2.4.3. Concurrent validity
The correlation between the total and each factor score of the Walsh Family Resilience Questionnaire among community-dwelling disabled elderly individuals (WFRQ-CE) and the CD-RISC-10, the FCCSE, and the SSRS-10 were analysed. This study assumes a positive correlation between family resilience scores and individual resilience, family care capacity, and social support.
2.4.4. Reliability
Cronbach’s alpha coefficient for the total family resilience score and the scores of each factor were used to analyse the internal consistency, the Guttman split-half reliability coefficient was used to analyse the split-half reliability, and the intraclass correlation coefficient (ICC) was used to calculate the retest reliability of the total family resilience score and the scores of each factor of the 40 disabled elderly individuals who were retested after 2 weeks.
2.5. Ethical approval
This study was approved by the Institutional Review Board of Research Institutions (IRB). Participation was entirely voluntary, verbal and written consent were obtained prior to all interviews, and the informants’ anonymity and right to withdraw from the study prior to analysis were guaranteed.

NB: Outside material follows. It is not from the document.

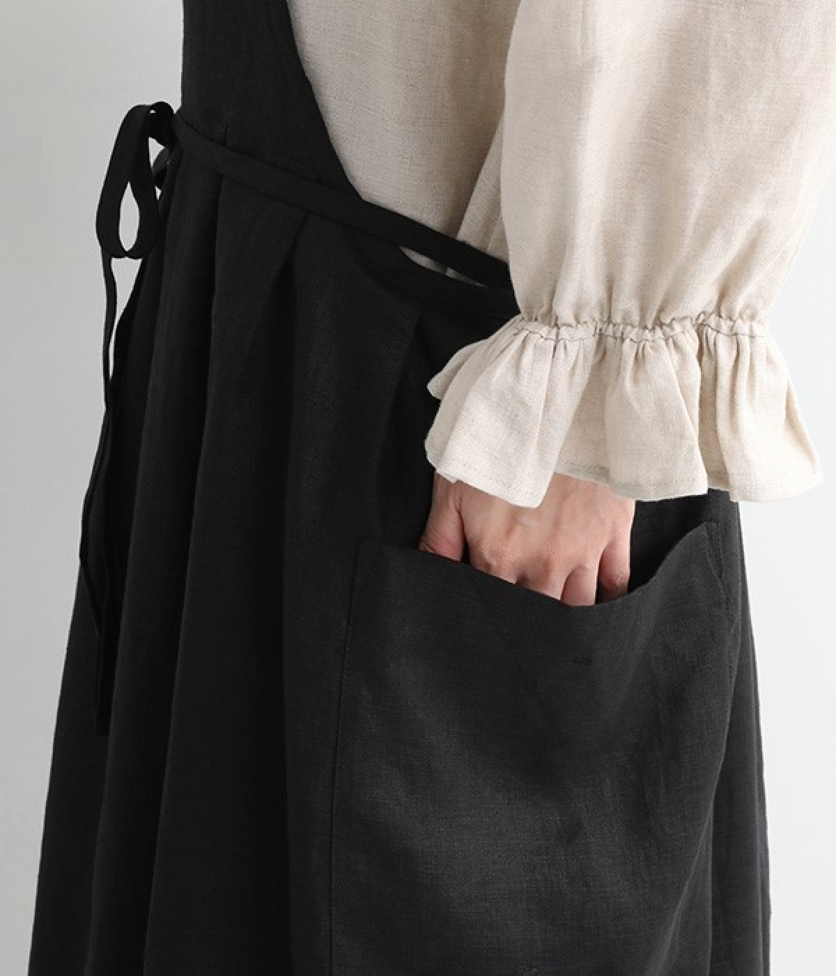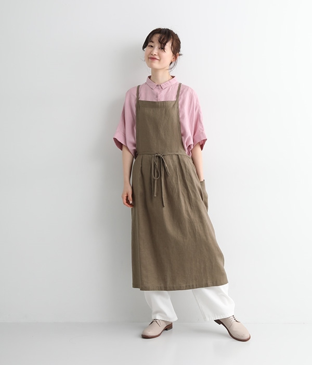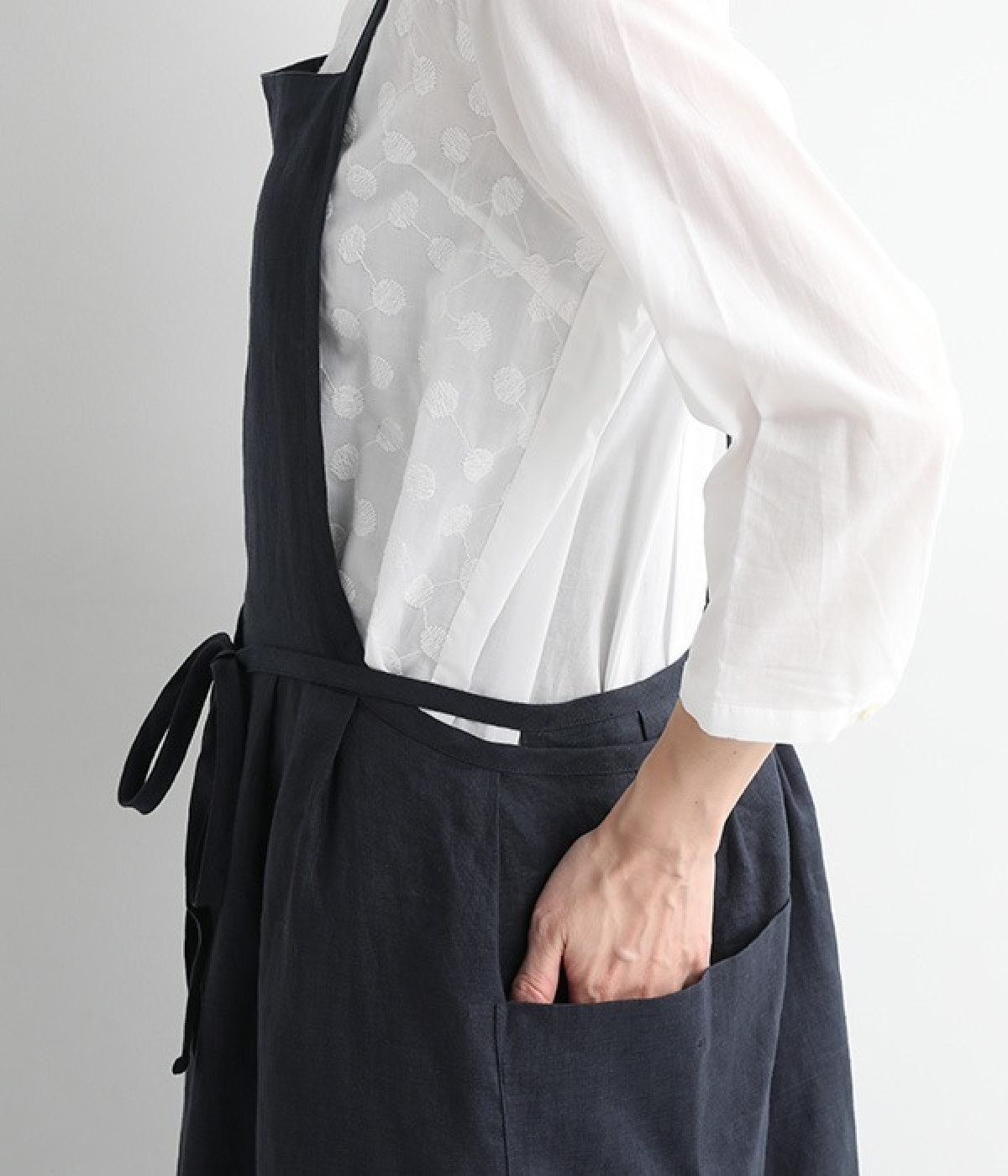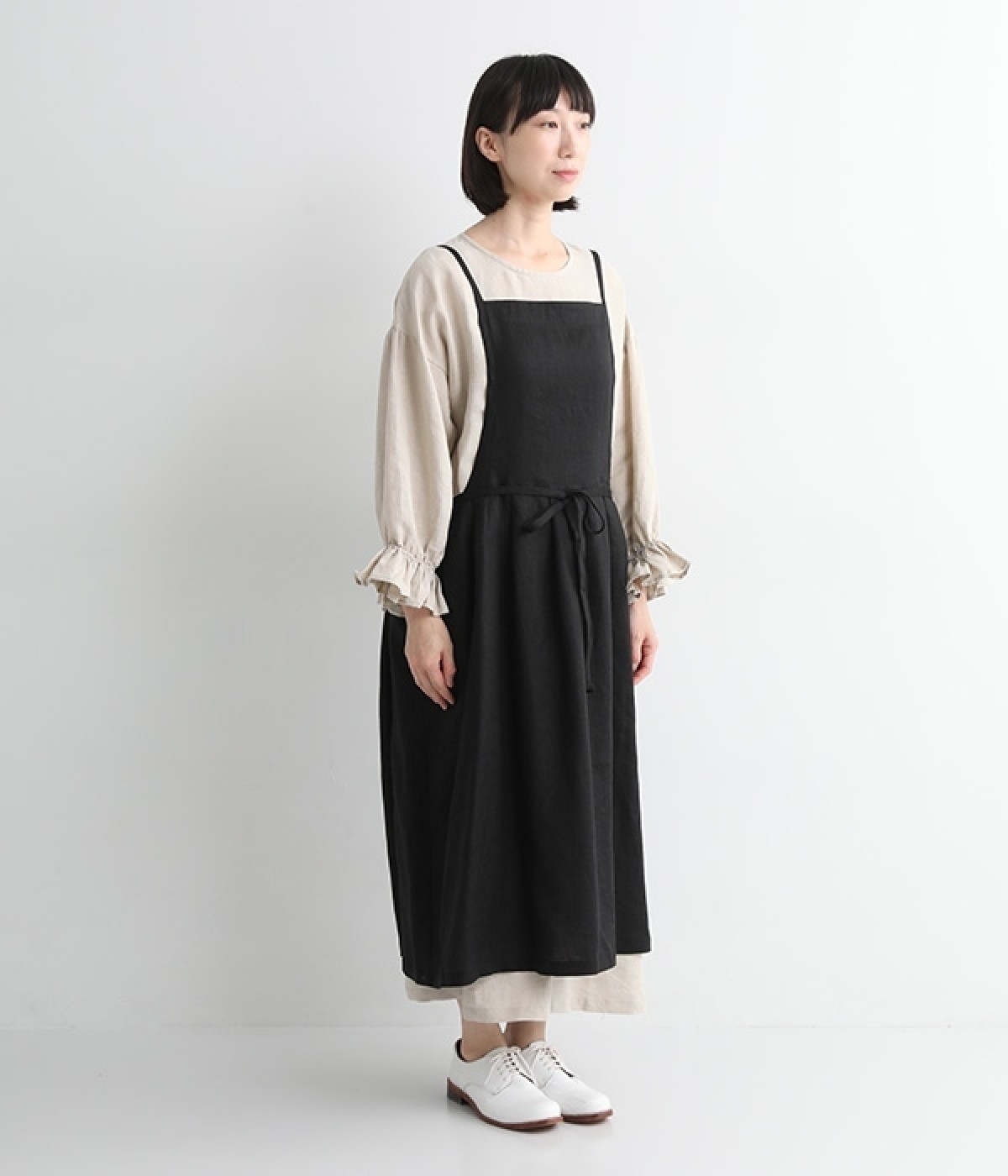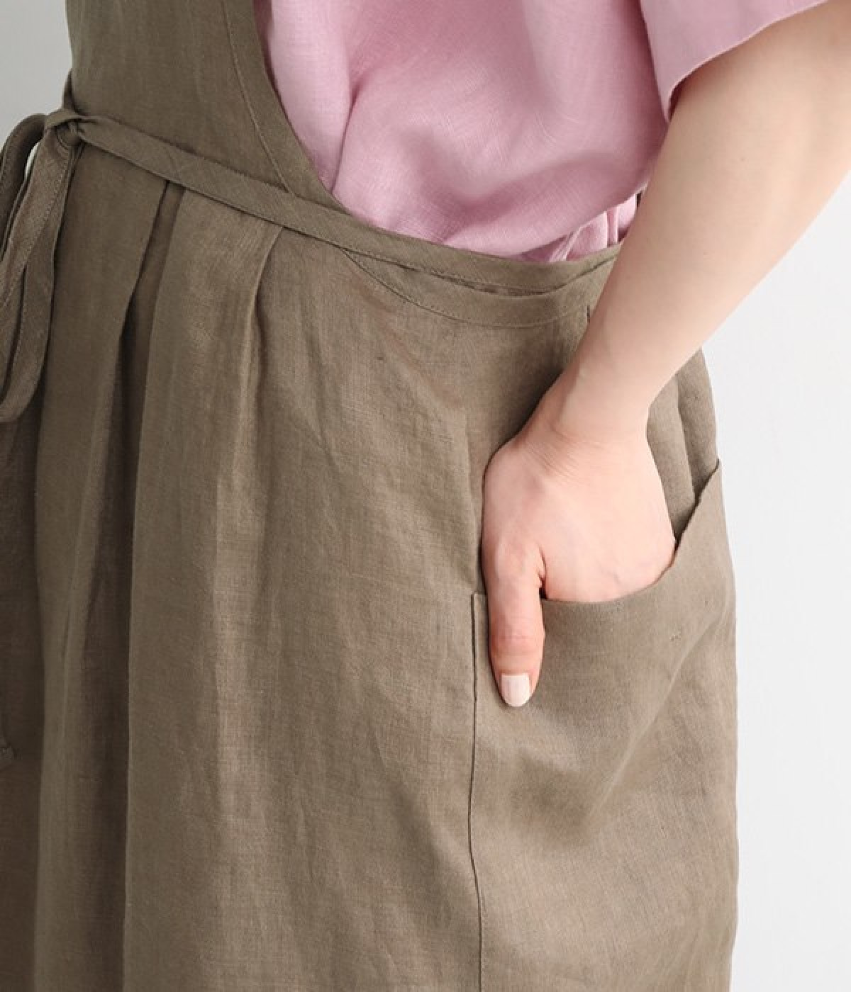 さらっとナチュラルな風合いのリネンで仕立てたおしゃれなエプロンです。胸あてをあえて細めにすることで、大人っぽく着られるエプロンを目指しました。すっきりとしたシルエットに、タックの分量も控えめにして広がりすぎないようデザイン。ワンピースなどと重ね着をすると裾がちらりと見えて素敵です。ウエストひもの結ぶ位置や肩ひものボタンの付け方で何通りも着こなしが楽しめます。
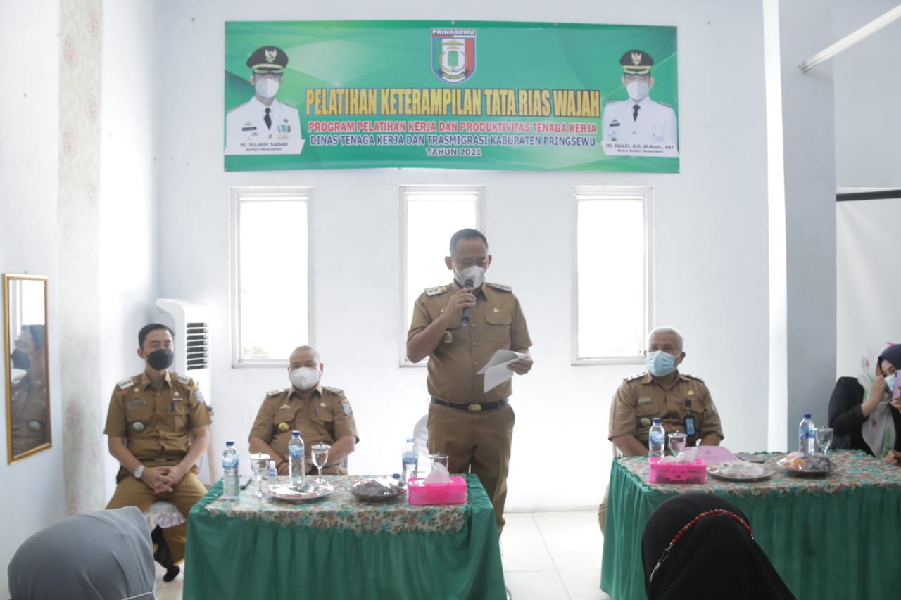 Wakil Bupati Pringsewu Dr.H.Fauzi, SE, M.Kom., Akt., CA, CMA didampingi Asisten Perekonomian dan Pembangunan Drs.Masykur Hasan, MM dan Camat Pringsewu Moudy Ary Nazolla, SSTP, MH dalam sambutannya mengapresiasi kegiatan pelatihan yang diselenggarakan oleh Dinas Tenaga Kerja dan Transmigrasi Kabupaten Pringsewu ini.

The interviews were conducted when the participants felt alert and ready. Contact information for psychological assistance was provided if needed. All participant information collected in the context of this study was anonymous and stored securely by the researchers.
3. Results
3.1. General information
The characteristics of disabled elderly individuals are shown in Table 1. The age of disabled elderly individuals ranged from 60 to 102 years old. Of the participants, 78.3% experienced mild dependence, 15.7% medium dependency, and 6.3% heavy dependency. There were no significant differences between the two randomly selected samples in terms of sociodemographic and family characteristics.
3.2. Validity
3.2.1. Item analysis and differentiation
The mean score of each item was 2.14–4.02, and the standard deviation was 0.86–1.35. Table 2 shows the details of this analysis. The item-total score Pearson correlation analysis results showed that each item was positively correlated with the total score; the correlation coefficients ranged from 0.185 to 0.739, and they were statistically significant (P < 0.01) (see Table 2). The scale items were analysed and screened using the CR value as the discriminant validity index between items. The independent sample t test results comparing the high and low groups showed that the statistical value of each item reached a significant level (P < 0.05).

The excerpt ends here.